Required action:
Reproduce the records below exactly; no pictures.

:: Dataset records

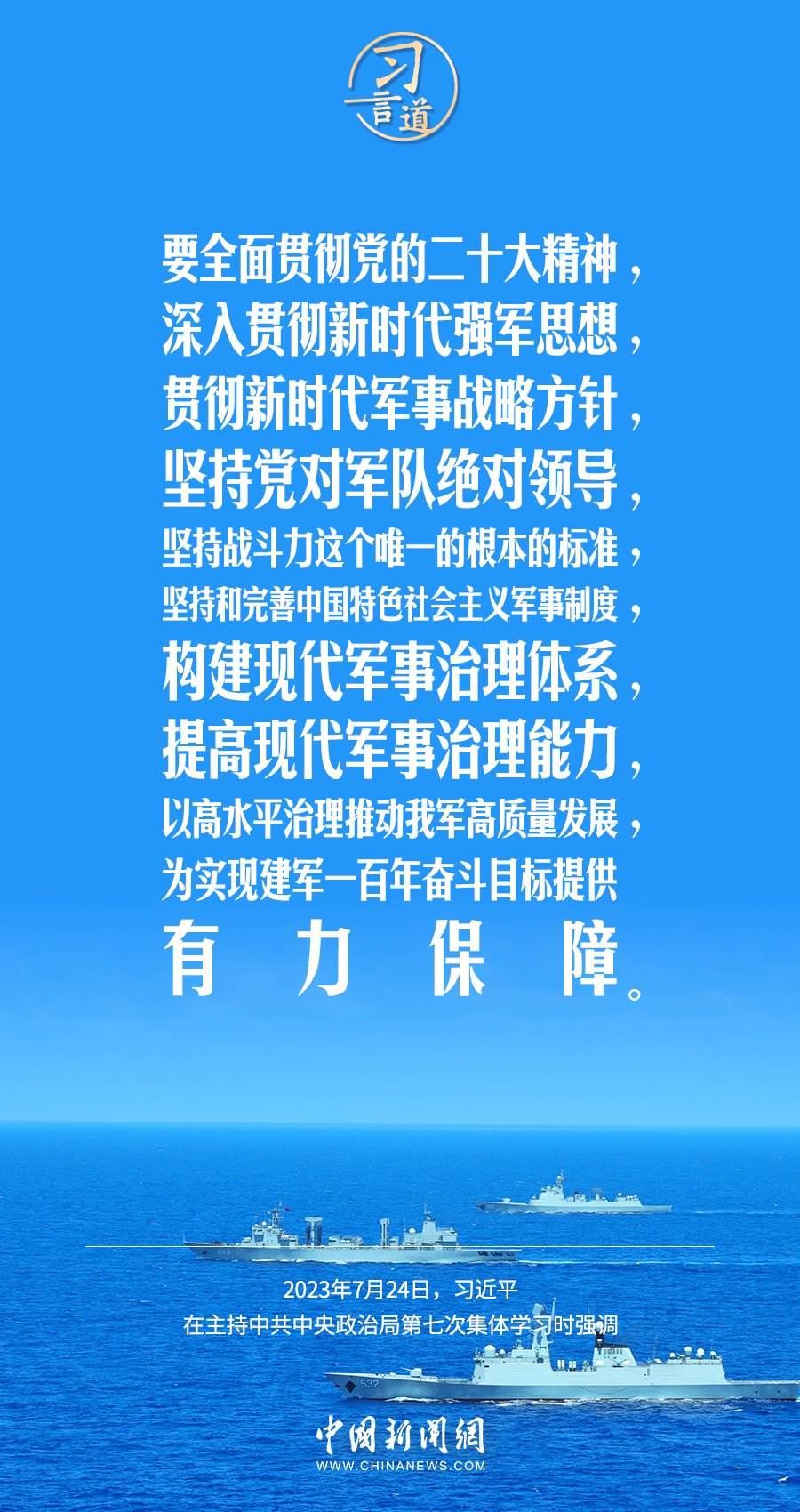八一建軍節(jié)來(lái)臨之際,中共中央政治局7月24日下午就全面加強(qiáng)軍事治理進(jìn)行第七次集體學(xué)習(xí)。中共中央總書(shū)記習(xí)近平主持學(xué)習(xí),他強(qiáng)調(diào)——
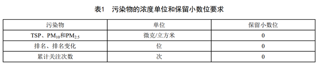 進(jìn)行環(huán)境空氣顆粒物網(wǎng)格化監(jiān)測(cè)評(píng)價(jià)前,各污染物項(xiàng)目的數(shù)據(jù)統(tǒng)計(jì)結(jié)果按照GB/T 8170中的規(guī)定進(jìn)行修約,濃度單位及保留小數(shù)位數(shù)要求見表1。環(huán)境空氣顆粒物的小時(shí)濃度值作為基礎(chǔ)數(shù)據(jù)單元,使用前也應(yīng)進(jìn)行修約。
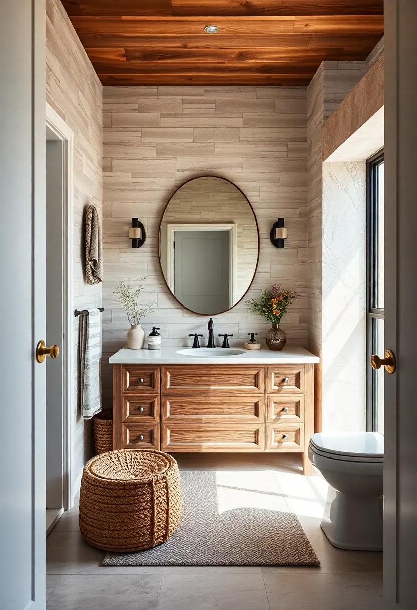 This approach not only beautifies the vanity zone but also connects the space with the broader theme of your home.
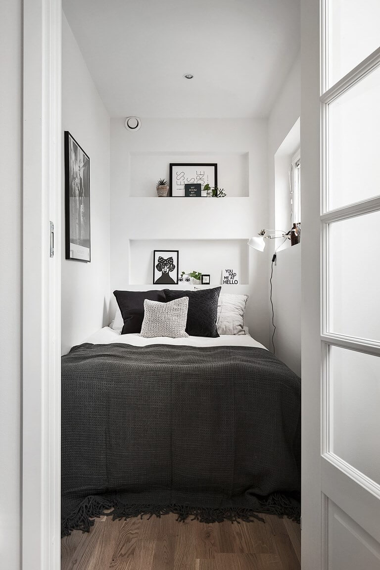 - The bed is sideways to the window. With a bedroom width of 2 meters, the bed is placed sideways to the side farthest from the entrance. Advantage of the method: the entire niche is occupied, there is room at the door for a cabinet or a desktop. Negative: approach to the bed from one side only.
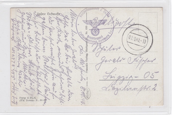 Nr. poczty polowej na stemplu Luftwaffe ( L. 24201 - batalion budowlany Luftwaffe )

::::

Completed task:
八一建軍節(jié)來(lái)臨之際,中共中央政治局7月24日下午就全面加強(qiáng)軍事治理進(jìn)行第七次集體學(xué)習(xí)。中共中央總書(shū)記習(xí)近平主持學(xué)習(xí),他強(qiáng)調(diào)——
 進(jìn)行環(huán)境空氣顆粒物網(wǎng)格化監(jiān)測(cè)評(píng)價(jià)前,各污染物項(xiàng)目的數(shù)據(jù)統(tǒng)計(jì)結(jié)果按照GB/T 8170中的規(guī)定進(jìn)行修約,濃度單位及保留小數(shù)位數(shù)要求見表1。環(huán)境空氣顆粒物的小時(shí)濃度值作為基礎(chǔ)數(shù)據(jù)單元,使用前也應(yīng)進(jìn)行修約。
 This approach not only beautifies the vanity zone but also connects the space with the broader theme of your home.
 - The bed is sideways to the window. With a bedroom width of 2 meters, the bed is placed sideways to the side farthest from the entrance. Advantage of the method: the entire niche is occupied, there is room at the door for a cabinet or a desktop. Negative: approach to the bed from one side only.
 Nr. poczty polowej na stemplu Luftwaffe ( L. 24201 - batalion budowlany Luftwaffe )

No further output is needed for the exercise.